To carry out the consulting missions you entrust us with, we need to process the contact details of individuals within your company, as well as all information necessary for the successful execution of the project. All such information will be included in a client file.
· Data processed: Name, first name, position, professional email address, phone number, company address, meeting notes, digital meeting recordings, and any work documents transmitted in the context of the mission.

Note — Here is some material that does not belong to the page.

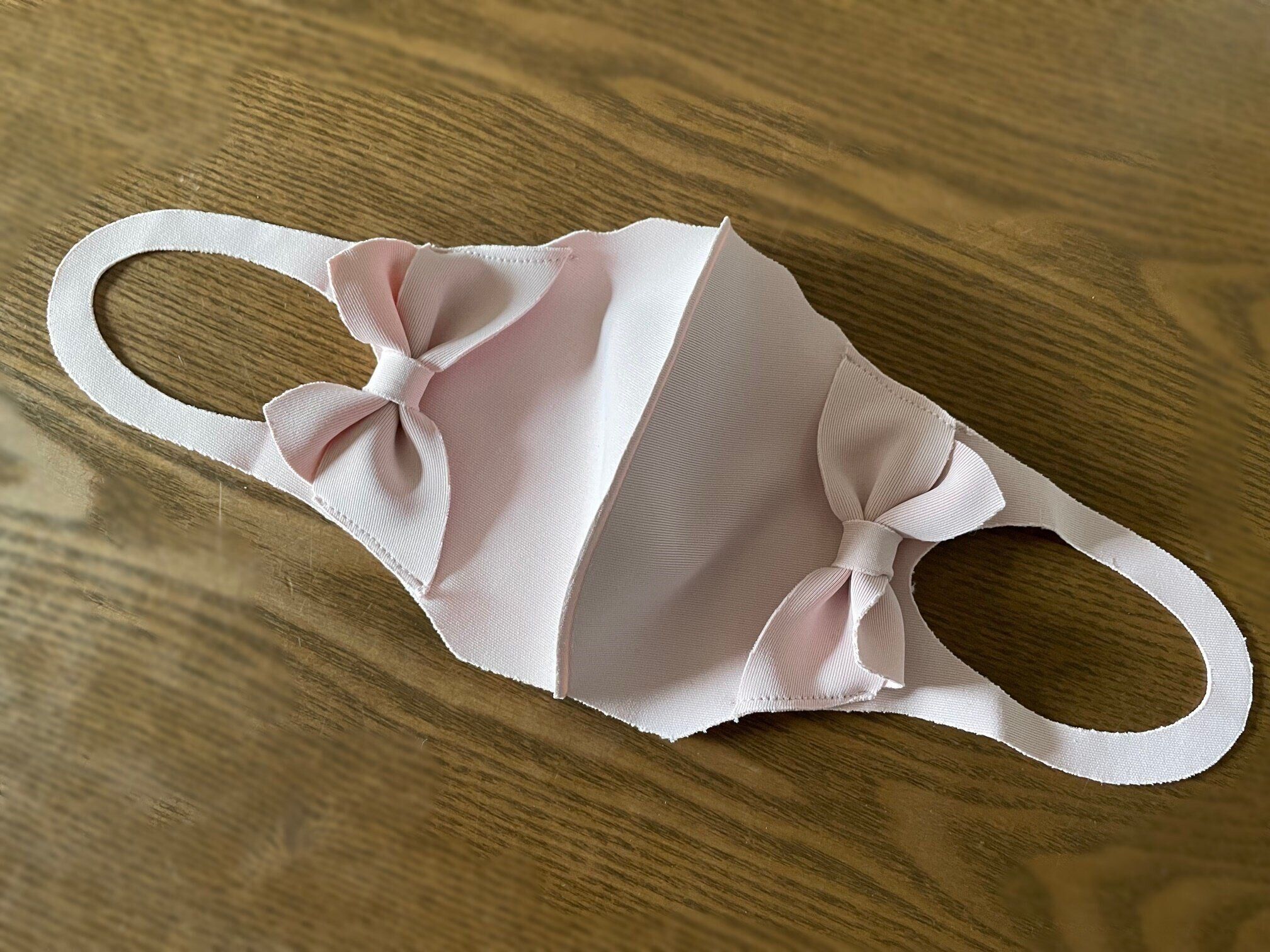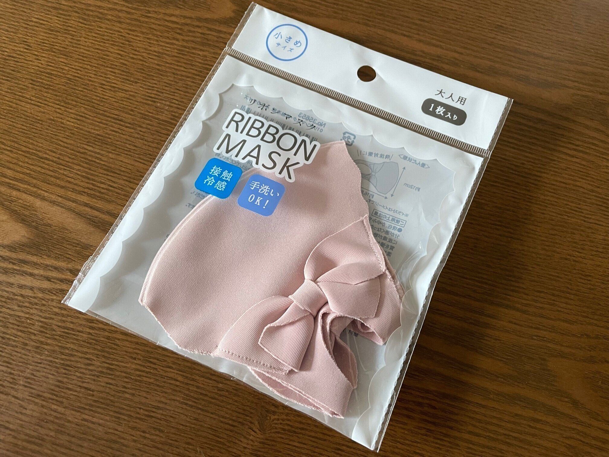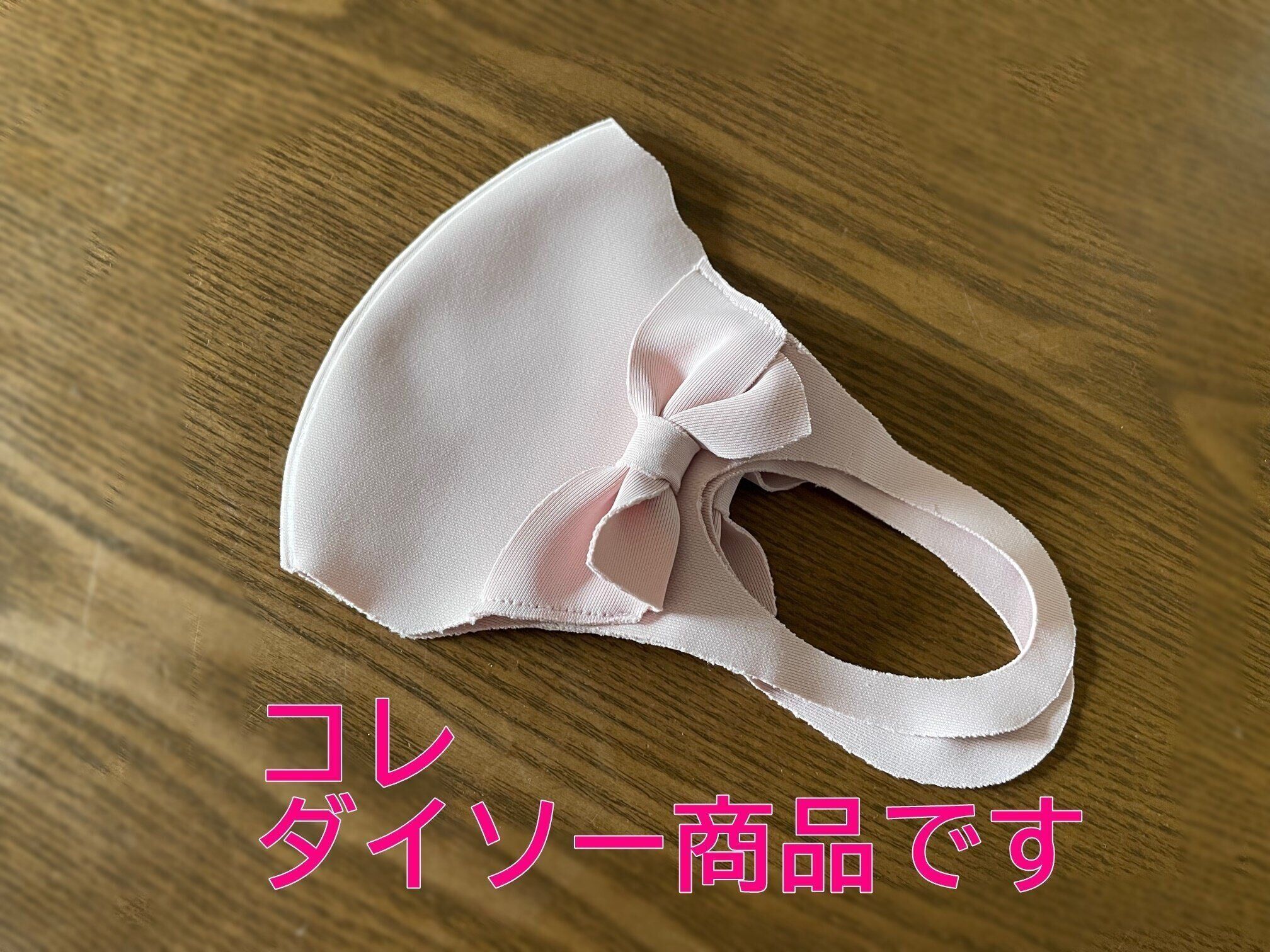 ダイソーのマスク売り場で見つけたのは、接触冷感タイプのリボンマスクです。マスクと同じ生地のリボンが両脇に付いた、ピンク系のかわいいデザイン。

· Retention period: We retain these files for the entire duration of the contractual relationship, then for a period of 10 years after the end of the mission, to cover our civil liability (statute of limitations under Belgian law).
To manage billing for our services and maintain our accounting, we must process your financial and administrative information. This processing is a legal obligation.
· Data processed: VAT number, bank account number, name and first name of the contact person, company email address, company postal address, billing address, payment history, purchase orders, correspondence language.
· Retention period: Invoices and accounting documents are retained for 7 years following the relevant fiscal year, in accordance with Belgian tax law. For legal prudence, some data may be archived for up to 10 years.
When you contact us via our website form or by email for an information request or quote, we process your data to respond.
· Data processed: Name, first name, email address, phone number, content of your message.
· Retention period: If your request leads to a contract, the data is merged into the client file (see point 1). If the request does not lead to a contract, we delete these exchanges 1 year after the closure of the request.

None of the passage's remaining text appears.